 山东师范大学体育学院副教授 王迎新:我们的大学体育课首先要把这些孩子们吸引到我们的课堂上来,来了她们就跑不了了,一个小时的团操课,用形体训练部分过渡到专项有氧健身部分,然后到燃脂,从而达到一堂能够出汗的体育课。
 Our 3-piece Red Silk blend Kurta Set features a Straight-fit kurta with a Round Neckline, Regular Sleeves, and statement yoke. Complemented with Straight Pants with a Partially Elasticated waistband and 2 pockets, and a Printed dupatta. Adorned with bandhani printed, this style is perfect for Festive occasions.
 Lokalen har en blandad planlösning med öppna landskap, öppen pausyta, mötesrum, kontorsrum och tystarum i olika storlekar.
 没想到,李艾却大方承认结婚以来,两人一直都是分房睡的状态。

__Your goal__:
Please reproduce, word for word, every line from the line with "Lokalen har en" to the final line above, including both ends.

__Exercise solution__:
 Lokalen har en blandad planlösning med öppna landskap, öppen pausyta, mötesrum, kontorsrum och tystarum i olika storlekar.
 没想到,李艾却大方承认结婚以来,两人一直都是分房睡的状态。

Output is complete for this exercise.